Class WordExtractor

  • All Implemented Interfaces:
    Closeable, AutoCloseable

    public final class WordExtractor
    extends POIOLE2TextExtractor
    Class to extract the text from a Word Document. You should use either getParagraphText() or getText() unless you have a strong reason otherwise.
    • Constructor Detail

      • WordExtractor

        public WordExtractor​(InputStream is)
                      throws IOException
        Create a new Word Extractor
        Parameters:
        is - InputStream containing the word file
        Throws:
        IOException
      • WordExtractor

        public WordExtractor​(POIFSFileSystem fs)
                      throws IOException
        Create a new Word Extractor
        Parameters:
        fs - POIFSFileSystem containing the word file
        Throws:
        IOException
      • WordExtractor

        public WordExtractor​(HWPFDocument doc)
        Create a new Word Extractor
        Parameters:
        doc - The HWPFDocument to extract from
    • Method Detail

      • main

        public static void main​(String[] args)
                         throws IOException
        Command line extractor, so people will stop moaning that they can't just run this.
        Throws:
        IOException
      • getParagraphText

        public String[] getParagraphText()
        Get the text from the word file, as an array with one String per paragraph
      • getFootnoteText

        public String[] getFootnoteText()
      • getMainTextboxText

        public String[] getMainTextboxText()
      • getEndnoteText

        public String[] getEndnoteText()
      • getCommentsText

        public String[] getCommentsText()
      • getHeaderText

        @Deprecated
        public String getHeaderText()
        Deprecated.
        3.8 beta 4
        Grab the text from the headers
      • getFooterText

        @Deprecated
        public String getFooterText()
        Deprecated.
        3.8 beta 4
        Grab the text from the footers
      • getTextFromPieces

        public String getTextFromPieces()
        Grab the text out of the text pieces. Might also include various bits of crud, but will work in cases where the text piece -> paragraph mapping is broken.

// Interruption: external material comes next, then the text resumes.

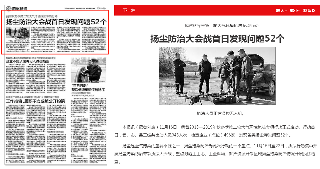 燕赵都市报:我省秋冬季第二轮大气环境执法专项行动 扬尘防治大会战首日发现问题52个

Fast too.
      • getText

        public String getText()
        Grab the text, based on the WordToTextConverter. Shouldn't include any crud, but slower than getTextFromPieces().
        Specified by:
        getText in class POITextExtractor
        Returns:
        All the text from the document
      • stripFields

        public static String stripFields​(String text)
        Removes any fields (eg macros, page markers etc) from the string.